Trishna ne semble pas s'émouvoir du rire, mais elle remarque bien par contre la gêne et peut être même la légère inquiétude de la jeune femme et elle s'en amusera en esquissant un sourire machiavélique l'accompagnant d'un regard de la même trempe. Avant de reprendre son chemin d'un pas lent et assuré. Mais la crainte de celle-ci l'amuse que trop et la divertit dans son ennuis alors, discrètement, elle fera naître quelques flammes dans sa mains avant de les envoyer à  une cinquantaine de centimètres des pieds de la jeune femme. Juste de quoi la faire sursauter. Elle l’éteint aussitôt en refermant la main et s’éloigne désormais pour de vrai.

Elaine constate avec satisfaction que la femme s’éloigne.

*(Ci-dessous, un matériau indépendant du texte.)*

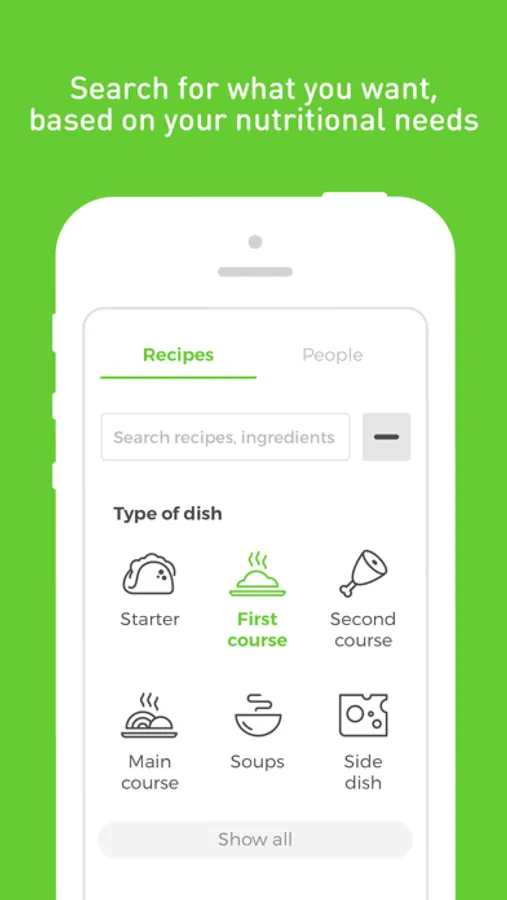 - The most advanced search engine that allows you to find the recipe tailored for you (e.g. single dish, vegetarian, high in protein, low in fat, lactose free, etc.)
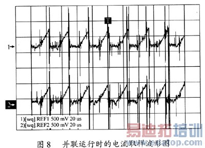 图8为充电器工作在非限流状态时,两充电器模块控制器电流取样端的电压波形图,即图2中取样电阻R1两端的电压波形图。此时从图8中可以看出,两充电器模块电流取样均为0.6V,说明并联的两模块工作在均流状态。
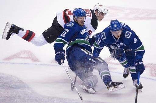 NOTES: Henrik Sedin now has five goals and 10 assists in 19 career games against New Jersey. ... Eriksson has eight goals and six assists in 18 games vs. the Devils. ... New Jersey, which won the teams' first meeting 3-2 at home on Dec. 6, swept the season series. ... Schneider has given up just 11 goals on 183 shots (.934 save percentage) over his last seven starts.
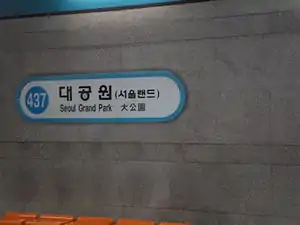 - ↑ "Seoul Grand Park". Seoul Metro. Archived from the original on 2017-11-07. Retrieved 2017-11-03.

Elle reporte finalement les yeux sur le sol et garde les pupilles rivées sur la fameuse scutellaire. Elle en prélève des échantillons avec une délicatesse et une habileté qui témoignent d’un grand savoir-faire. Cela l’apaise rapidement et elle retrouve sans tarder tout son aplomb…

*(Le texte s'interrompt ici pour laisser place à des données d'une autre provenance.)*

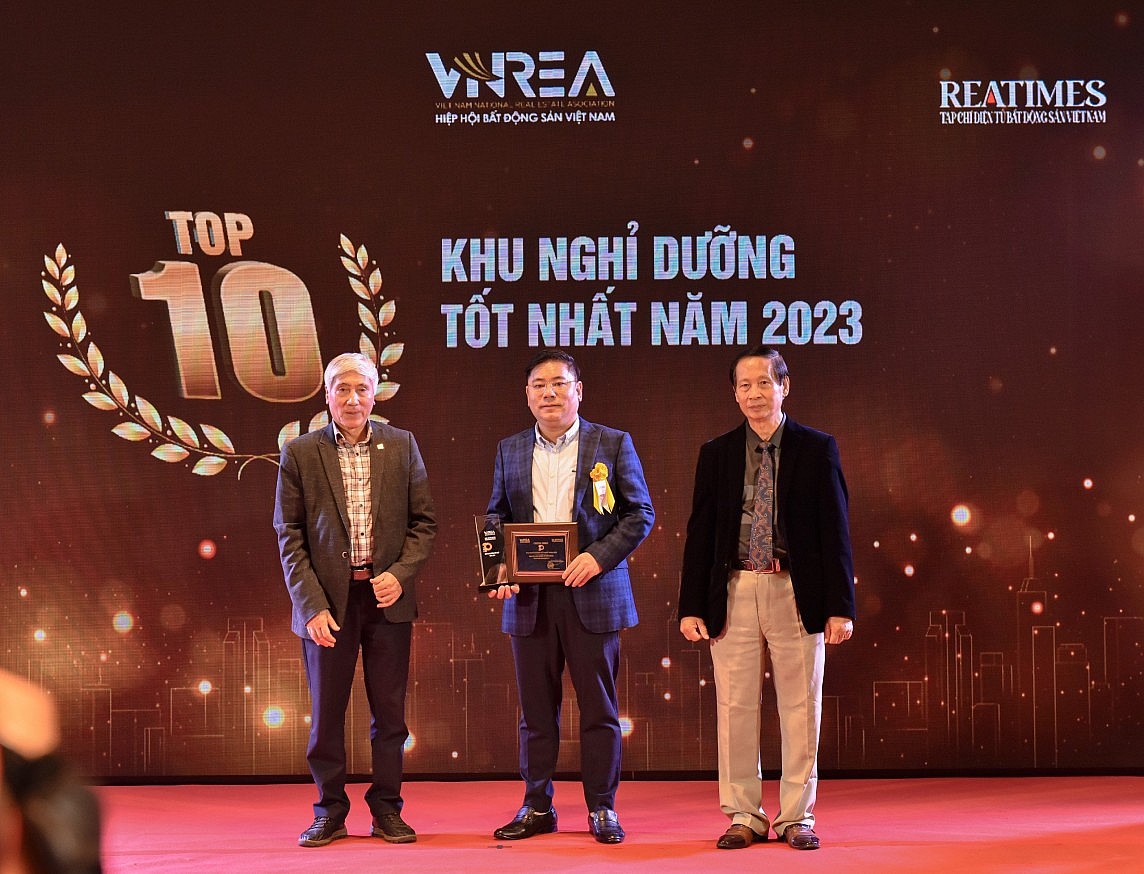| Đại diện dự án KDL Quốc tế Đồi Rồng nhận giải thưởng Top 10 Khu nghỉ dưỡng tốt nhất năm 2023. |

Jusqu’à ce qu’une flamme ne vienne échouer sur la mousse, non loin de sa botte gauche. Surprise, elle lâche les fleurs qu’elle vient de cueillir et pousse un cri de frayeur. Saletés de magiciens. Par bonheur, l’humidité du sol ne permet pas à l’étincelle de créer quelque brasier… Les yeux écarquillés, la bouche en rond, elle tourne lentement le visage dans la direction du projectile magique, priant pour qu’elle ne soit pas en train d’en charger un autre… La femme semble vraiment partir : « Putain… » souffle-t-elle, encore choquée.

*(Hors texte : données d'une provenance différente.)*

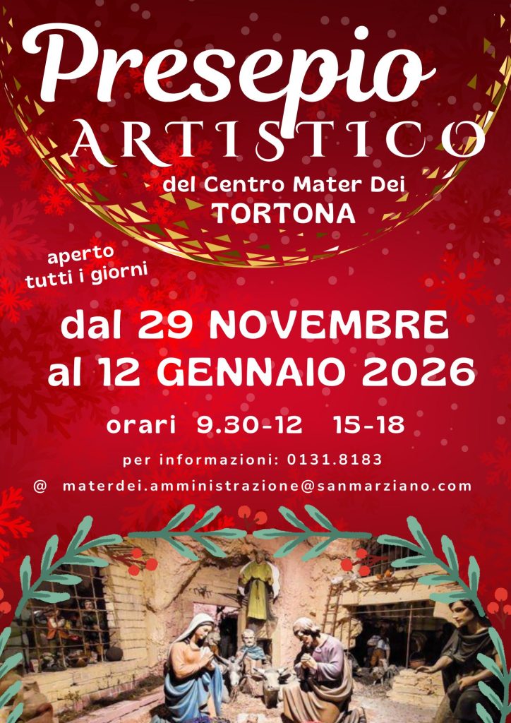 Il Centro Mater Dei di Tortona annuncia l’apertura del tradizionale Presepio Artistico, un appuntamento molto atteso nel periodo natalizio, che ogni anno richiama numerosi visitatori per la cura delle scenografie e l’atmosfera suggestiva. Il presepio sarà aperto tutti i giorni dal 29 novembre 2025 al 12 gennaio 2026, con i seguenti orari: 9.30 – 12.00 e 15.00 – 18.00. Il presepe, realizzato con grande attenzione ai dettagli, offre un percorso immersivo che valorizza la tradizione e permette a grandi e piccoli di vivere l’incanto del Natale. Per ulteriori informazioni e per i gruppi è possibile contattare il numero 0131.8183 o scrivere all’indirizzo e-mail [email protected].

Aenur avait observé en silence les deux humaines qui s'approchaient de la grotte, et par ce fait de l'une des entrées de l'outre-terre, elles s'avançaient de trop à son goût, et alors qu'il verra l'une d'elle enflammer le sol il ne comprendra que trop bien ce qu'elle est, son intérêt est éveillé, là. Une mage faisait toujours un bon sacrifice, resserrant ses paumes sur les crosses de ses arbalètes, s'amusant au passage de la réaction de la cueilleuse, il laisse alors entendre une voix lugubre et sombre :

 « Quittez ces lieux sur le champ....les ombres les possèdent... » restant toujours camouflé dans les dites ombres, les yeux rivés sur ses cibles.

Elaine se remettait tout juste de sa frayeur enflammée qu’une voix bien glauque retentit à son oreille, venant… d’en haut ? Elle lève les yeux avec lenteur, appréhendant probablement ce qu’elle va voir. Encore un fou ? Un démon ? Un vampire ? Une ombre encapuchonnée. Une petite voix, au fond d’elle, lui dit de courir très très vite et de ne jamais ressortir dans cette forêt sans la compagnie d’une armée. Mais sa rencontre avec la magicienne l’a clairement perturbée et elle se contente de sourire d’un air innocent –idiot, diront certains- tout en demandant d’un ton tout aussi béat : « Euh… Pardon ? »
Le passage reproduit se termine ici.